Clean Bandit- What Is Love?

(Atlantic)

**

CLEAN Bandit have become market leaders in horribly catchy hits. The Cambridge graduates have scored No 1s with Demi Lovato, Anne-Marie, Sean Paul and Zara Larsson, all of them included here. When it comes to crafting an album, though, they’ve boxed themselves in with a production-line formula.

A dozen predictable pop tunes doesn’t amount to a body of work that’s likely to endure. There are other familiar names, including Ellie Goulding, Alma and Rita Ora. Marina Diamandis is one of the more interesting guest vocalists, even if Baby feels like a reheat of the summer 2017 Latin sound. This processed pop collection will pass you by in a blur.

By Andre Paine

Bryan Ferry and his Orchestra- Bitter-Sweet

(BMG)

****

WHAT’S that? Bryan Ferry has recorded an album Weimar cabaret numbers with what sounds suspiciously like an... oompah band? And it’s magnificent? The muse works in mysterious ways. The former Roxy Music frontcad first convened his orchestra in 2012 to re-record numbers such as Love Is the Drug as Roaring Twenties jazz instrumentals.

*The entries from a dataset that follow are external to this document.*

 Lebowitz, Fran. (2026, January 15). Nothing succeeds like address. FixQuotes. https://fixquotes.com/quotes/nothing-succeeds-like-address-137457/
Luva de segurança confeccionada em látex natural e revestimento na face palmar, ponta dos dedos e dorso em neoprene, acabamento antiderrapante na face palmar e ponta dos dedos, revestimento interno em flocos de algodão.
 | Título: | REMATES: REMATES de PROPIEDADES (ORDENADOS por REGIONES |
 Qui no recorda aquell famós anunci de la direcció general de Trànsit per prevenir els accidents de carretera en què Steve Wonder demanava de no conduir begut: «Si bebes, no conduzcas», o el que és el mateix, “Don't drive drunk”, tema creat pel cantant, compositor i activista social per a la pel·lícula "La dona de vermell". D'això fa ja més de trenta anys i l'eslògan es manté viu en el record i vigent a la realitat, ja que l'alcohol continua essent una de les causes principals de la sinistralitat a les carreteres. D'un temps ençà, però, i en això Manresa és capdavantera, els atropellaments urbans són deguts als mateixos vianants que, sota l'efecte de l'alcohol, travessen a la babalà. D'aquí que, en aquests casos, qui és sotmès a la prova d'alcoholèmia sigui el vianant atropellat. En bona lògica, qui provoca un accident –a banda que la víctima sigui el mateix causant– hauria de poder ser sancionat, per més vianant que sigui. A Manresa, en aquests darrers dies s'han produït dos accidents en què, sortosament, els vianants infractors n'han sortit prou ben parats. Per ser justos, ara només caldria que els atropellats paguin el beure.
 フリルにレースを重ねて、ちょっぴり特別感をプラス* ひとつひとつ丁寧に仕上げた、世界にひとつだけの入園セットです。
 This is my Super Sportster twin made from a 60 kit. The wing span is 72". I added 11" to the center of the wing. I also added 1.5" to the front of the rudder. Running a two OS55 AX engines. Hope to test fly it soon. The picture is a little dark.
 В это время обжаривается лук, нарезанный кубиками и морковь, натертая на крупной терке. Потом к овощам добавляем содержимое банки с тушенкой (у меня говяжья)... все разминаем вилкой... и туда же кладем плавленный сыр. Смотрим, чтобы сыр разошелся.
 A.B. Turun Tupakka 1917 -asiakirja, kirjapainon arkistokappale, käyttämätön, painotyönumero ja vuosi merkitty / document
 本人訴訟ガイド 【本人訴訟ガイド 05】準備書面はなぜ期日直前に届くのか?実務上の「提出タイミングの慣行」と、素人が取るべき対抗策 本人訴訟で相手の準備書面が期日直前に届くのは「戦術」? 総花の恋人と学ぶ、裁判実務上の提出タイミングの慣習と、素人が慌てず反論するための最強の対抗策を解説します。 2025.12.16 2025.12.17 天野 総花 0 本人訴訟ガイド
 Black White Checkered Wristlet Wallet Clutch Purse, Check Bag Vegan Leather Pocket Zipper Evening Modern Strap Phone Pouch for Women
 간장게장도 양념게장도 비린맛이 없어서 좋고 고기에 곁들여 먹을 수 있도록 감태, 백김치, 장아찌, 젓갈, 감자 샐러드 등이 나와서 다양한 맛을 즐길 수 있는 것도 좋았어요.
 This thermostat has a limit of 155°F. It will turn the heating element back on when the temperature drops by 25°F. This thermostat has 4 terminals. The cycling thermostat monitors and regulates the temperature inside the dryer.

It was surprisingly excellent. Now, inspired by his soundtrack work on the German Netflix series Berlin Babylon, he has revisited his less celebrated solo material and introduced his own worn smoking jacket of a voice into the mix too. “I’m a stranger in your town / That’s the place I belong,” he pipes on Boys and Girls (from his 1985 album of the same name). Ferry has always traded in a peculiar combination of modernism, artifice and tenderness, which finds an ideal niche in the Berlin cabaret setting — and his world-weary sigh is an elegant still note against the keening reeds and parping brass. “No reason or rhyme, no presence of mind,” he pipes on Reason or Rhyme (first heard on 2010’s Olympia). “Just a dance to the music of time.” Your make-up will be streaming when the lights go up.

By Richard Godwin

World- Afro Celt Sound System

(ECC Records)

****

NOW in their 22nd year, Afro Celt Sound System, the European- and African-based musical collective, have become something of a British institution. Yet Flight, their eighth album, is very different to anything else they’ve done, featuring guest ensembles to underline its theme of migration. At the album’s heart is a four-part Migration Medley juxtaposing avian and human journeys driven by Afro Celt’s trademark powerful drum-and-bass beats, but with a soft a cappella choral conclusion. Birds can return, humans often can’t. The Amani Choir, led by Emmanuela Yogolelo, bring robust harmonies to the Sanctus over powerful drumming, xylophones and horns. The Stone Flowers, comprising refugee musicians, join the band for a moving conclusion which asks for tolerance and understanding.

By Simon Broughton

Tessa Souter- A Picture in Black and White

(NOA Records)

****

TESSA Souter is a hugely experienced singer and composer blessed with wide-ranging vocals and a post-bop sensibility, through which she filters sounds from West Africa, South America, the Caribbean and Andalusian Spain. Raised in London, based in New York, she has won acclaim for her honeyed contralto and the spare, elegant way she puts it to use.

On this fifth autobiographical album Souter brings together standards, originals and traditional songs to tell the story of a young Englishwoman who discovers in adulthood that her estranged father was black. Arrangements are sophisticated, lifted by strings, bass, piano and percussion. Highlights include opener Kothbiro, sung in the Dholuo language of Kenya, and a fittingly dynamic take on McCoy Tyner’s Contemplation (Ancestors). Liberating stuff.